Try it:
Except for the pictures, write out all the records that follow exactly.

Records for this exercise Block Start

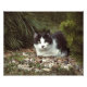 Black and white shorthair cat sitting between the trees
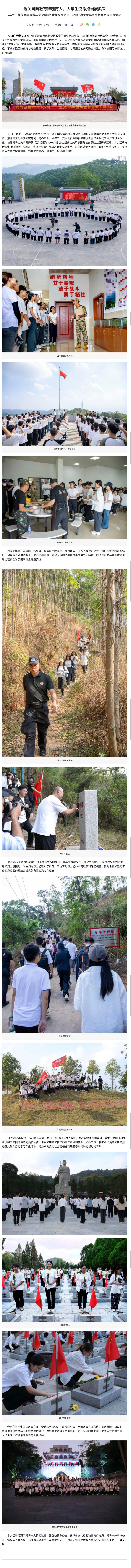 【今日广西】边关国防教育铸魂育人,大学生使命担当展风采——南宁师范大学旅游与文化学院“我为祖国站岗一小时”边关军事国防教育思政主题活动
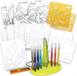 Discover the world of dinosaurs with this great DinosArt airbrush coloring set. This set offers everything you need to create amazing and colorful artworks:
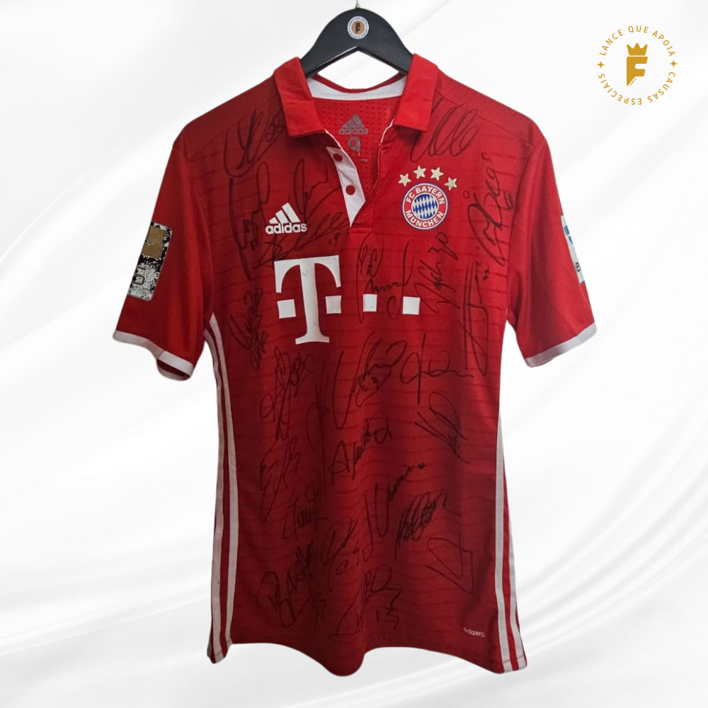 Camisa Bayern Munich 2016-17, vers jogo, autografada elenco e técnico Ancelotti campeões Bundesliga e Supercopa da Alemanha
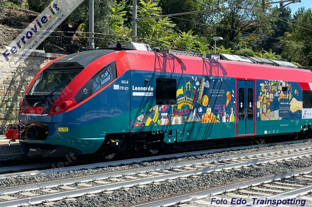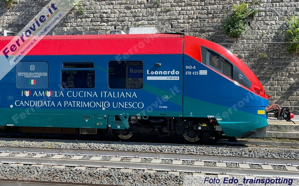 ROMA - È stata presentata questa mattina al binario 1 della stazione di Roma Ostiense una livrea pubblicitaria applicata all'ETR.425-043. Il convoglio, impiegato nel servizio Leonardo Express tra Roma Termini e l'aeroporto di Fiumicino, è il primo nella storia recente del collegamento aeroportuale romano a ricevere una livrea promozionale. L'iniziativa promuove la candidatura della Cucina Italiana a Patrimonio Culturale Immateriale dell'Umanità UNESCO.
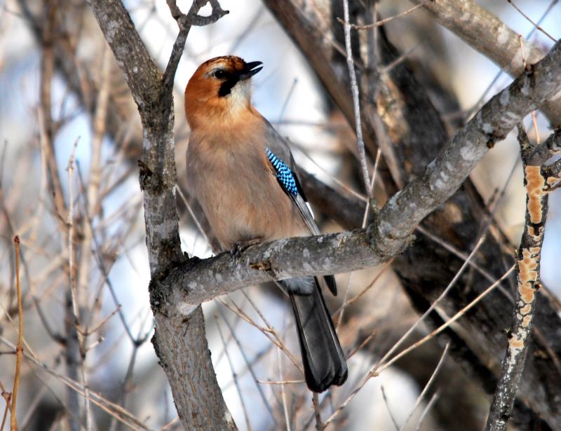 | ミヤマカケス 羽の青い部分が綺麗ですが、鳴声は「ギャー」とか 時には猫の鳴声をまねたりするそうです。 ![]() |
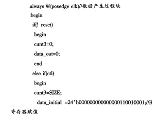 數(shù)據(jù)寫入控制程序用 Verilog語言編寫,在QuartusⅡ6.0環(huán)境下編寫編譯并配置器件引腳。由于源程序非常大,這里只給出了R寄存器賦值的部分程序代碼。
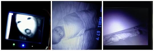 Näide 3: Lende, kui ta üleval on ja teda videopildiga beebimonitorist vaadata. Mul endal kahjuks pole olnud mahti pilti teha, aga no see on umbes selline “kaunis” vaatepilt, mida vaadates võiks eeldada, et tite järgmine liigutus on ämbliku kombel mööda seina üles roomata, nagu ühes õiges õudukas kohane.
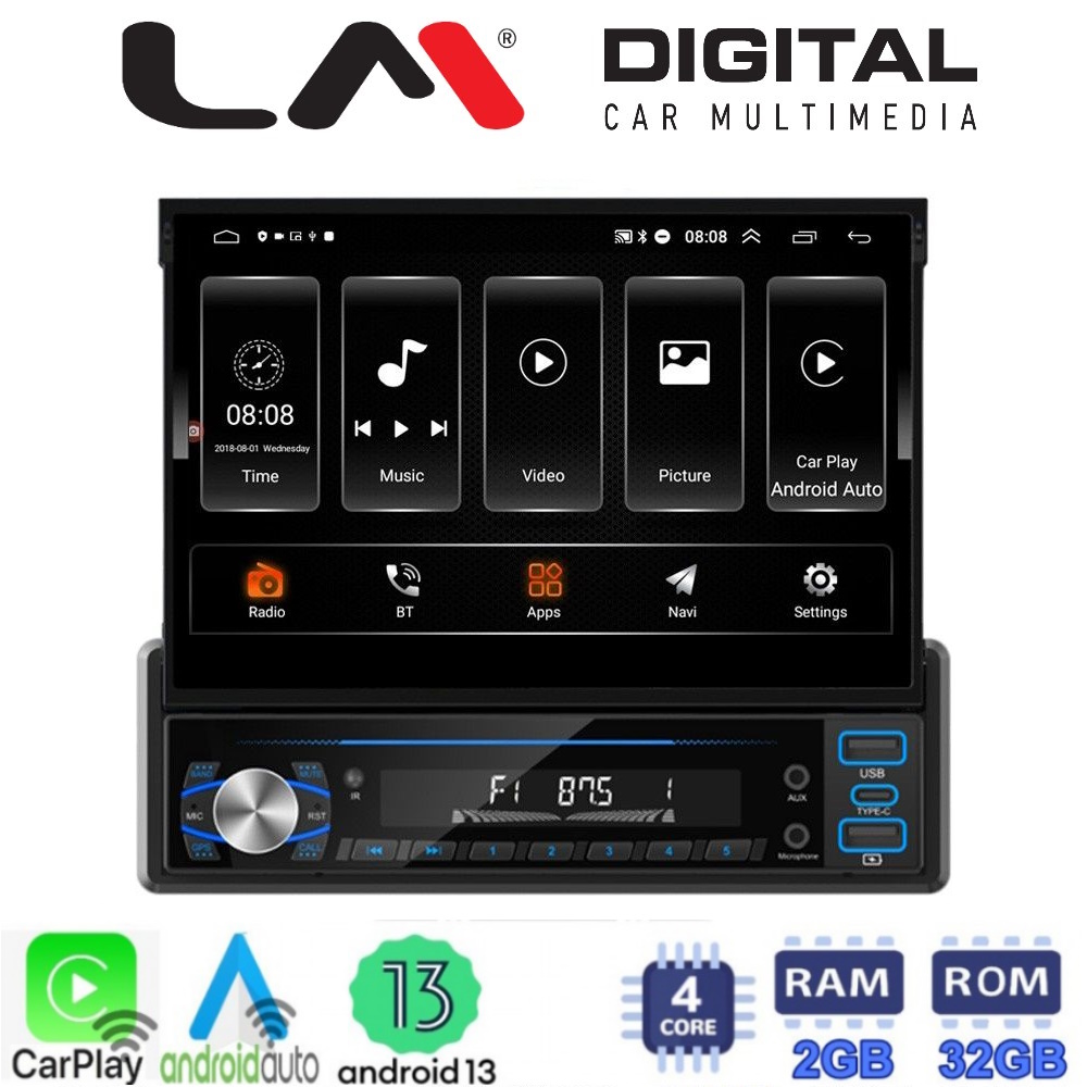 1din 7inc ANDORID 13 4core 2+32G CARPLAY - AndroidAuto -GPS - Bluetooth
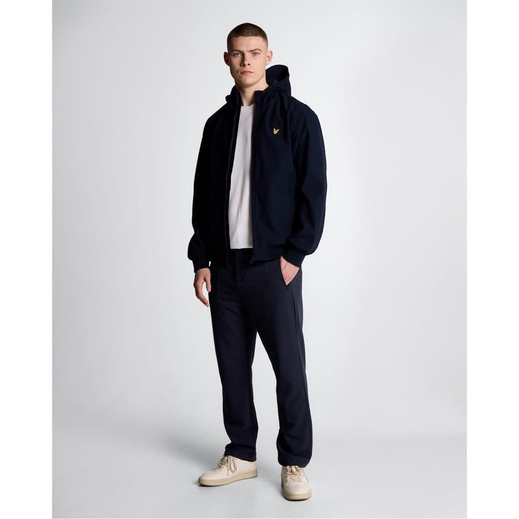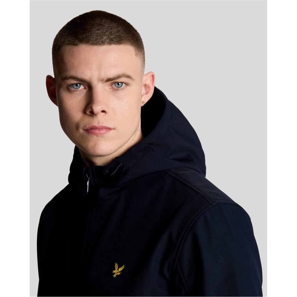 This Lyle & Scott softshell jacket features a hooded design and a solid pattern. It offers a regular fit with a ribbed hem and ribbed cuffs for added comfort. The jacket is equipped with a zipper closure and is adorned with the brand's logo, ensuring a stylish yet functional outerwear option. -
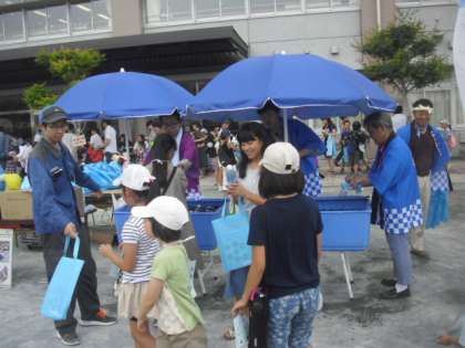 烏山地域の人気キャラクター「からぴょん」も登場し、イベントを盛り上げてくれました。上北沢小の子どもたちと八幡山小の子どもたちが祭りを通して交流し、楽しい夏の午後のひとときになっていました。
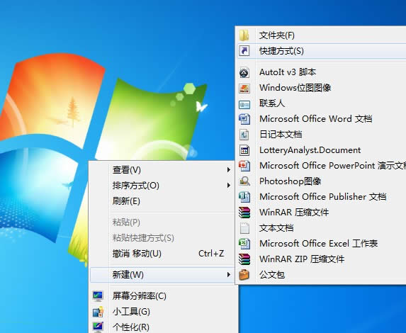 在桌面創建了3D效果快捷方式后,以后只要點擊該快捷方式后就可以實現3D頁面窗口效果的切換了。那么,如何在Windows 7桌面實現3D效果快捷方式呢?下面來看看在桌面創建快捷方式實現Win7 3D切換頁面效果的方法吧。 1、在桌面中單擊右鍵新建一個“快捷方式”。
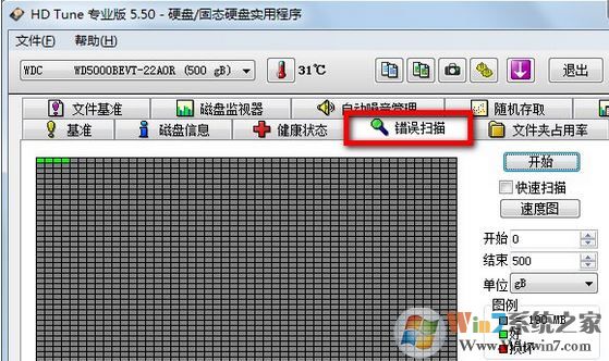 5、點(diǎn)擊HDTune硬盤檢測(cè)工具中的錯(cuò)誤掃描,我們來看一下硬盤中是否存在損壞的塊。
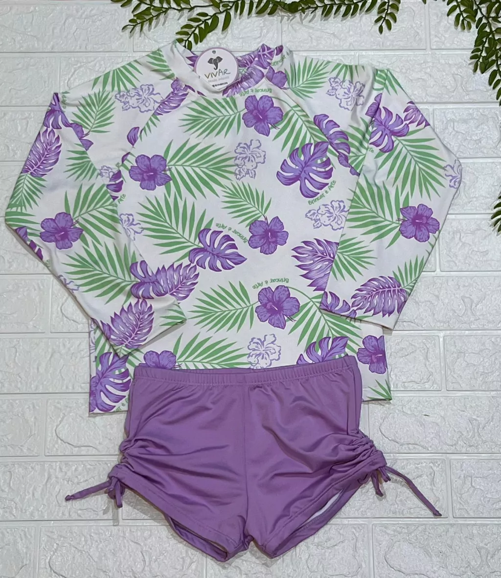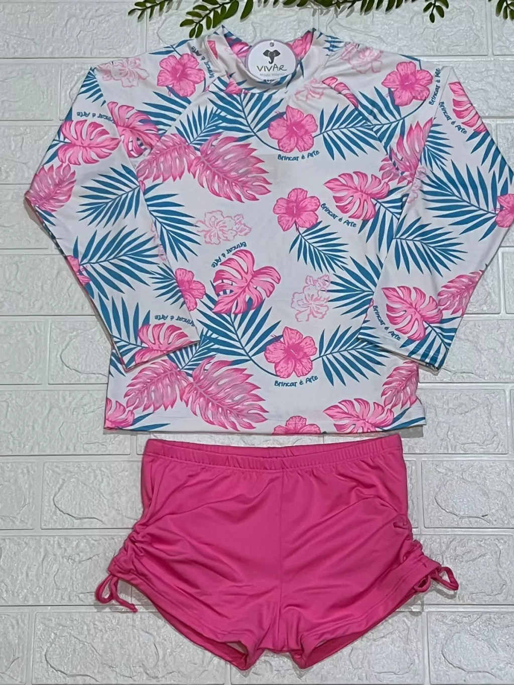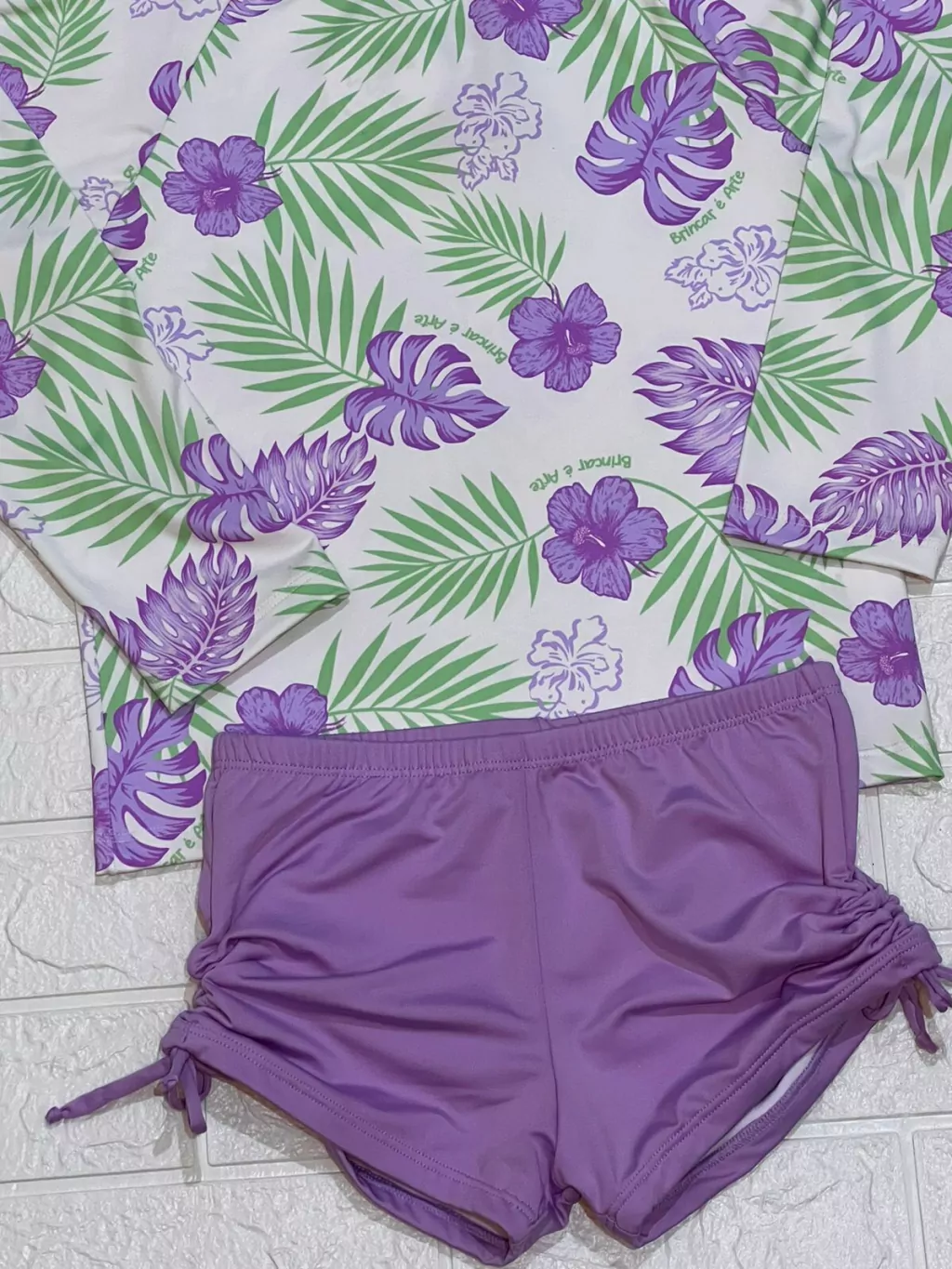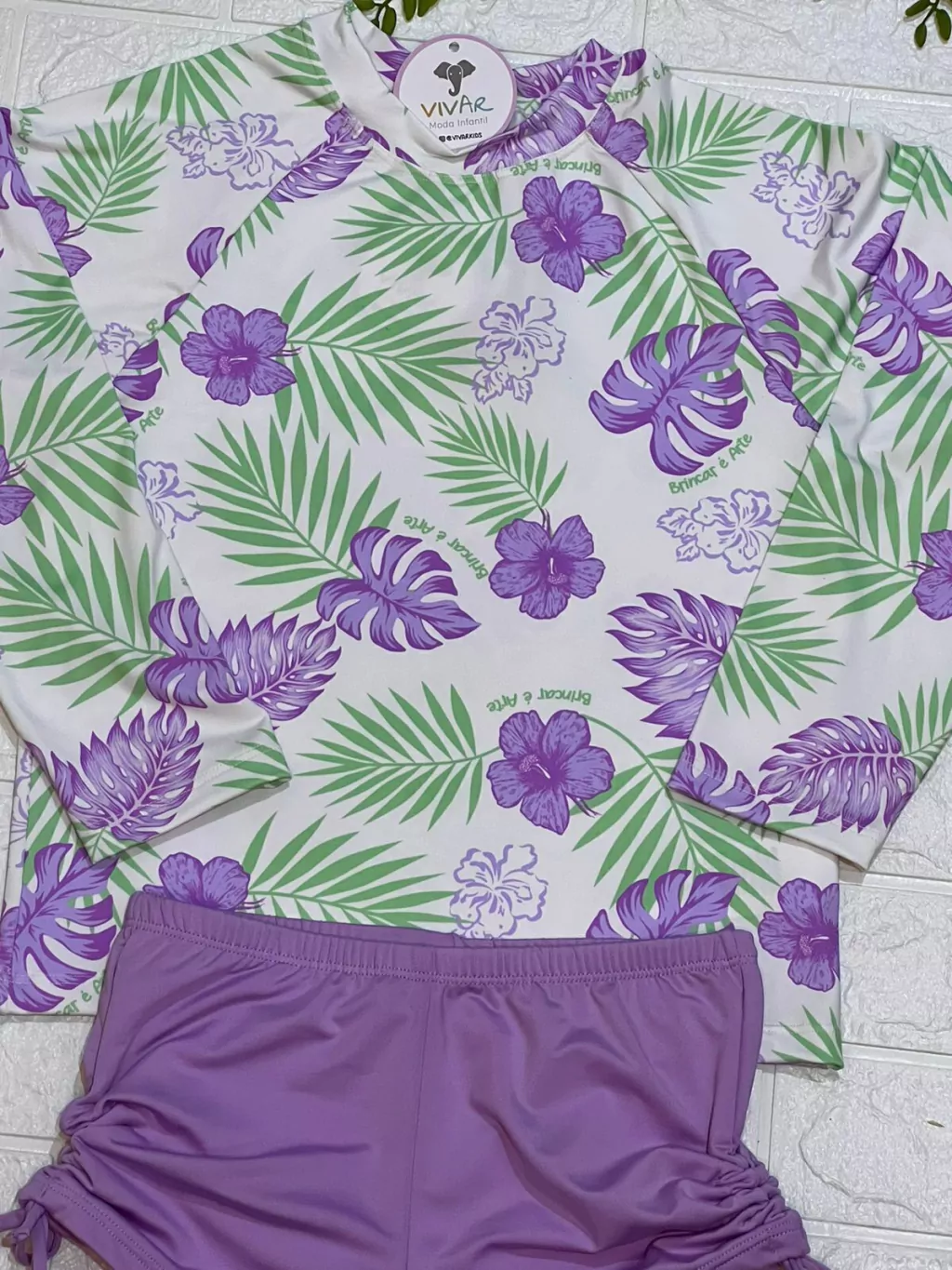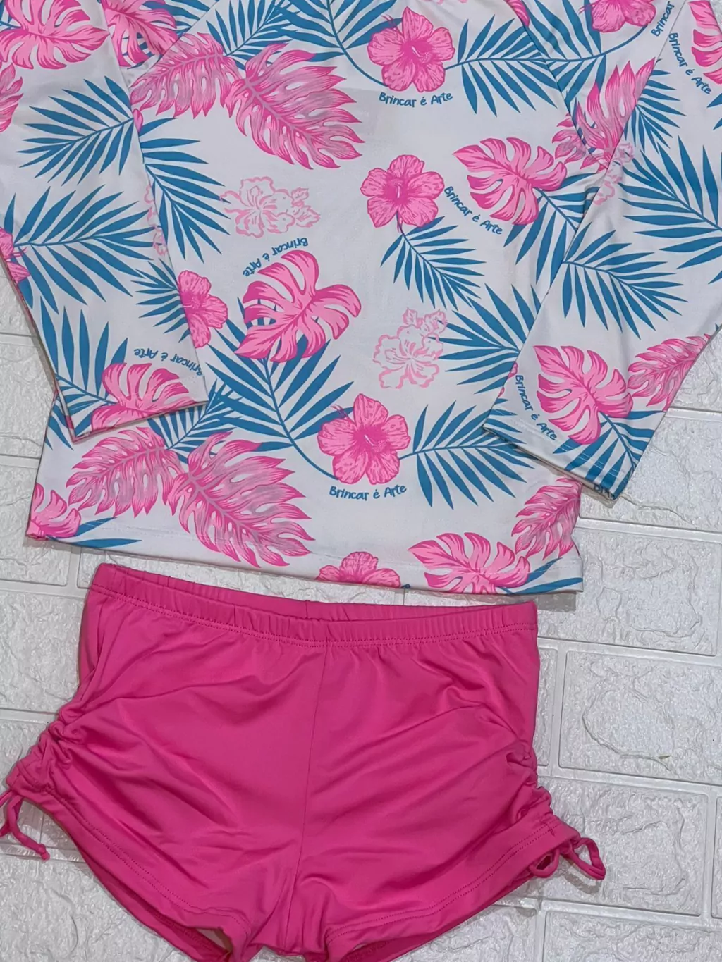 Conjunto praia com proteção UVA e UVB super confortável, facil de vestir, calcinha com regulagem, podendo fazer mais shortinhos ou não, lindíssimo, confortável e perfeito para brincar e se divertir muito.

Records for this exercise Block End

Result for this exercise:
 Black and white shorthair cat sitting between the trees
 【今日广西】边关国防教育铸魂育人,大学生使命担当展风采——南宁师范大学旅游与文化学院“我为祖国站岗一小时”边关军事国防教育思政主题活动
 Discover the world of dinosaurs with this great DinosArt airbrush coloring set. This set offers everything you need to create amazing and colorful artworks:
 Camisa Bayern Munich 2016-17, vers jogo, autografada elenco e técnico Ancelotti campeões Bundesliga e Supercopa da Alemanha
 ROMA - È stata presentata questa mattina al binario 1 della stazione di Roma Ostiense una livrea pubblicitaria applicata all'ETR.425-043. Il convoglio, impiegato nel servizio Leonardo Express tra Roma Termini e l'aeroporto di Fiumicino, è il primo nella storia recente del collegamento aeroportuale romano a ricevere una livrea promozionale. L'iniziativa promuove la candidatura della Cucina Italiana a Patrimonio Culturale Immateriale dell'Umanità UNESCO.
 | ミヤマカケス 羽の青い部分が綺麗ですが、鳴声は「ギャー」とか 時には猫の鳴声をまねたりするそうです。 ![]() |
 數(shù)據(jù)寫入控制程序用 Verilog語言編寫,在QuartusⅡ6.0環(huán)境下編寫編譯并配置器件引腳。由于源程序非常大,這里只給出了R寄存器賦值的部分程序代碼。
 Näide 3: Lende, kui ta üleval on ja teda videopildiga beebimonitorist vaadata. Mul endal kahjuks pole olnud mahti pilti teha, aga no see on umbes selline “kaunis” vaatepilt, mida vaadates võiks eeldada, et tite järgmine liigutus on ämbliku kombel mööda seina üles roomata, nagu ühes õiges õudukas kohane.
 1din 7inc ANDORID 13 4core 2+32G CARPLAY - AndroidAuto -GPS - Bluetooth
 This Lyle & Scott softshell jacket features a hooded design and a solid pattern. It offers a regular fit with a ribbed hem and ribbed cuffs for added comfort. The jacket is equipped with a zipper closure and is adorned with the brand's logo, ensuring a stylish yet functional outerwear option. -
 烏山地域の人気キャラクター「からぴょん」も登場し、イベントを盛り上げてくれました。上北沢小の子どもたちと八幡山小の子どもたちが祭りを通して交流し、楽しい夏の午後のひとときになっていました。
 在桌面創建了3D效果快捷方式后,以后只要點擊該快捷方式后就可以實現3D頁面窗口效果的切換了。那么,如何在Windows 7桌面實現3D效果快捷方式呢?下面來看看在桌面創建快捷方式實現Win7 3D切換頁面效果的方法吧。 1、在桌面中單擊右鍵新建一個“快捷方式”。
 5、點(diǎn)擊HDTune硬盤檢測(cè)工具中的錯(cuò)誤掃描,我們來看一下硬盤中是否存在損壞的塊。
 Conjunto praia com proteção UVA e UVB super confortável, facil de vestir, calcinha com regulagem, podendo fazer mais shortinhos ou não, lindíssimo, confortável e perfeito para brincar e se divertir muito.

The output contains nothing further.